Patent 11841803
Derivative works
Defensive disclosure: derivative variations of each claim designed to render future incremental improvements obvious or non-novel.
Active provider: Google · gemini-2.5-pro
Derivative works
Defensive disclosure: derivative variations of each claim designed to render future incremental improvements obvious or non-novel.

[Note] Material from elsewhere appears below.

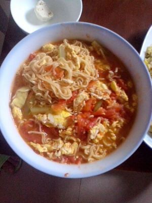面饼在滚水里煮熟捞上来放进刚煮好的的西红柿汤里就好了。

Defensive Disclosure for U.S. Patent 11,841,803
Publication Date: May 13, 2026
Reference Patent: US 11,841,803 B2, "GPU chiplets using high bandwidth crosslinks"
Purpose: This document discloses a plurality of derivative inventions and improvements upon the '803 patent to place them in the public domain. The detailed descriptions and diagrams provided herein are intended to establish prior art against future patent applications claiming these or similar concepts, rendering them obvious under 35 U.S.C. § 103 or anticipated under 35 U.S.C. § 102.
Derivatives Based on Core System Claims (Ref: Claim 1)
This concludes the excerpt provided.